22.2 - Change-of-Variable Technique

On the last page, we used the distribution function technique in two different examples. In the first example, the transformation of \(X\) involved an increasing function, while in the second example, the transformation of \(X\) involved a decreasing function. On this page, we'll generalize what we did there first for an increasing function and then for a decreasing function. The generalizations lead to what is called the change-of-variable technique.

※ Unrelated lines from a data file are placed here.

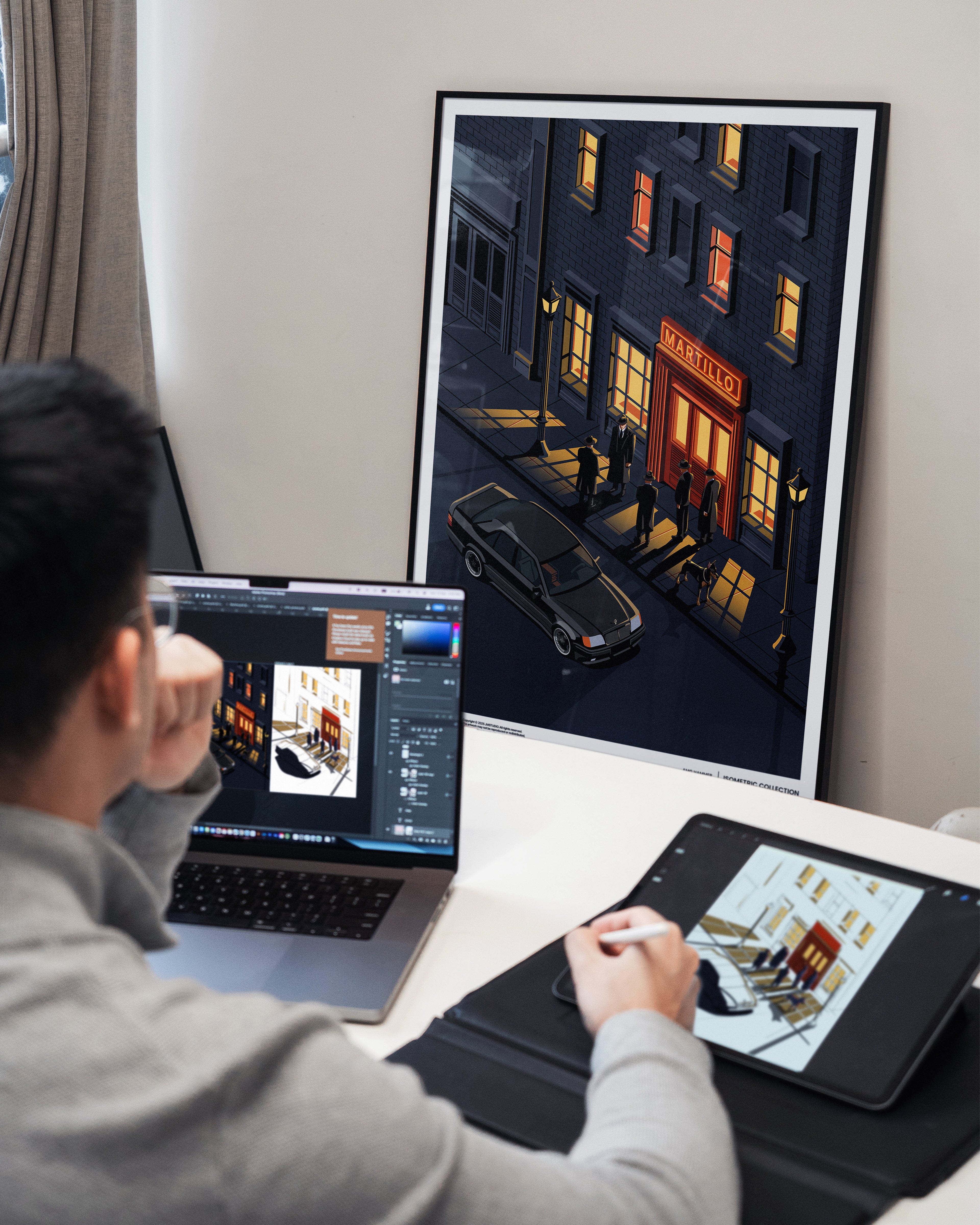 Inspired by the vibrant streets and iconic skyline, each piece of artwork is proudly designed in Hong Kong. Our collection captures the unique energy of the city, blending local charm with automotive classics.
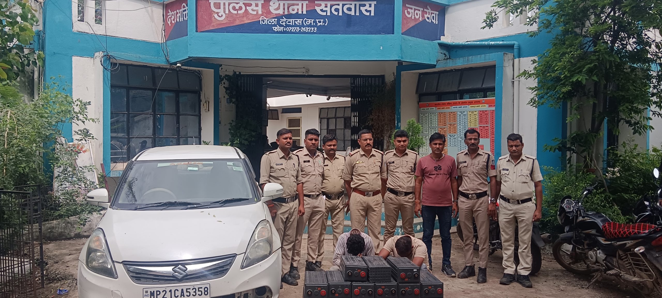 इसी क्रम में दिनांक 1/07/2025 को थाना प्रभारी सतवास को मुखबिर द्वारा सूचना प्राप्त हुई कि ग्राम पीपलकोटा राधास्वामी व्यास के सामने खातेगांव की तरफ से सतवास की ओर आ रहे थे। से एक व्यक्ति सफेद रंग की कार मारुति सुजुकी स्विफ्ट वाहन क्रमांक MP41CA5358 की डिक्की मे टॉवर की 24 बैटरी लेकर आ रहे थे।
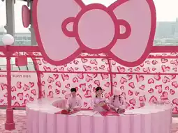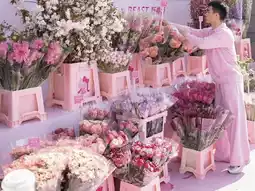 The event is decorated with a pink theme and Hello Kitty characters. There is a giant Hello Kitty doll at the entrance. Various booths sell colorful flowers and many Hello Kitty-related products. If you miss it this year, you can come again next year because the event is held annually.
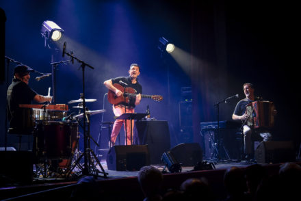 Le soir, au foyer des Campagnes, Yves Jamait propose sa belle Parenthèse acoustique dont tu peux relire ici le compte-rendu du concert et l’interview lors du passage au Bijou à Toulouse fin février. Que dire de plus, sinon que quelques semaines et quelques concerts plus tard, rien n’a changé dans ce spectacle qui montre toujours le même talent et la même générosité. Mais le spectacle apparaît encore plus rôdé, le trio encore plus complice, les interventions d’humour entre les chansons encore plus nombreuses et toujours réussies, et le public toujours aussi nombreux (le concert affichait complet depuis plusieurs jours) et constitué d’une grande majorité de fidèles connaissant et reprenant les refrains et parfois la totalité de la chanson. Comme souvent, ces fidèles d’Yves Jamait se sont déplacés, parfois venant de régions éloignées, certains pour leur troisième concert de cette tournée, une personne dépassant même les quarante concerts de l’artiste. Si la tournée de Presque Oui ou d’Yves Jamait passe par chez toi, ou pas très loin, n’hésite pas, tu vas bénéficier d’une ou de deux belles soirées.
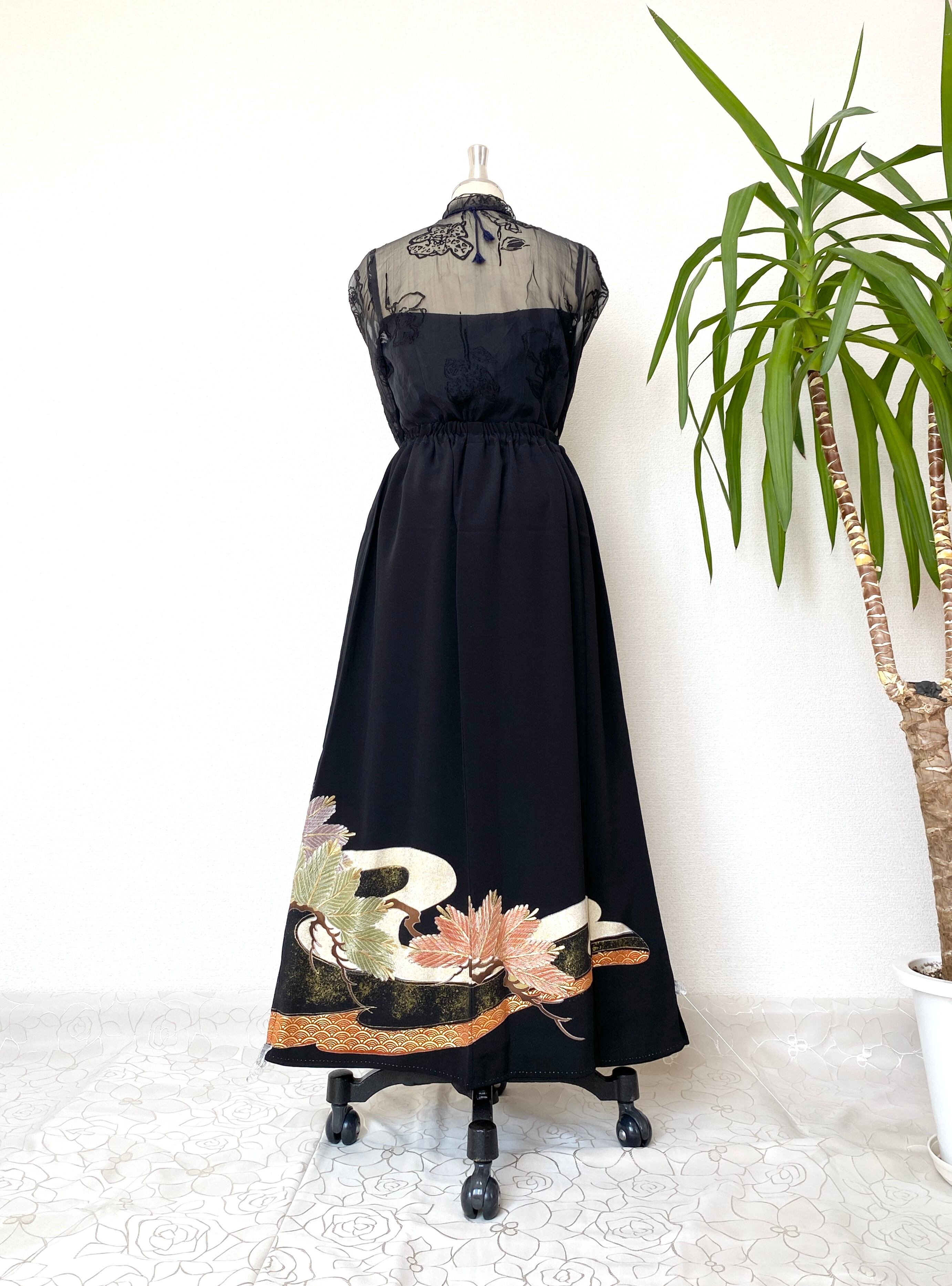 黒留袖着物をリメイクして作製したウエストゴムロングドレススカートフリーサイズです。
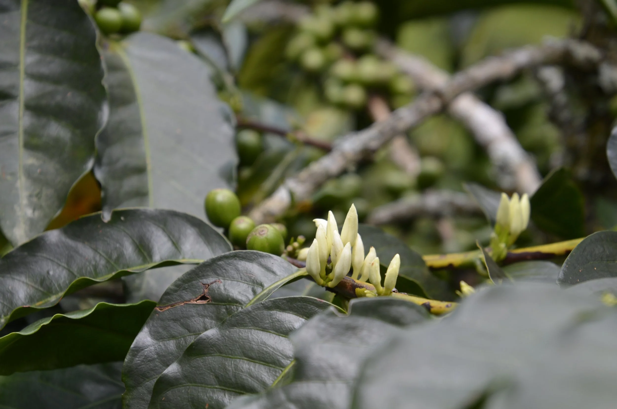 Can you see the man on the hillside? He’s picking some of the early ripening beans. With him on the hillside, you can use him for scale (and this is “just” a small family farm). The majority of the coffee ripens in April and May. The beans start from these flowers -
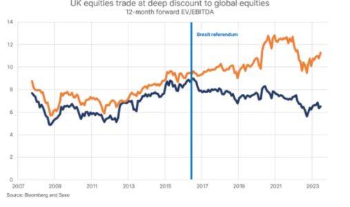 Il referendum sulla Brexit a favore dell’uscita del Regno Unito dall’UE non è stato inizialmente uno shock per il mercato azionario britannico, ma quando gli investitori si sono resi conto di cosa avrebbe significato per l’attività economica a lungo termine, l’inflazione e la competitività, il divario di valutazione rispetto alle azioni globali si è ampliato in modo significativo ed è peggiorato dopo la Brexit. Oggi, le azioni del Regno Unito sono valutate con uno sconto del 42% rispetto alle azioni globali.

Generalization for an Increasing Function Section

Let \(X\) be a continuous random variable with a generic p.d.f. \(f(x)\) defined over the support \(c_1<x<c_2\). And, let \(Y=u(X)\) be a continuous, increasing function of \(X\) with inverse function \(X=v(Y)\). Here's a picture of what the continuous, increasing function might look like:

The blue curve, of course, represents the continuous and increasing function \(Y=u(X)\). If you put an \(x\)-value, such as \(c_1\) and \(c_2\), into the function \(Y=u(X)\), you get a \(y\)-value, such as \(u(c_1)\) and \(u(c_2)\). But, because the function is continuous and increasing, an inverse function \(X=v(Y)\) exists. In that case, if you put a \(y\)-value into the function \(X=v(Y)\), you get an \(x\)-value, such as \(v(y)\).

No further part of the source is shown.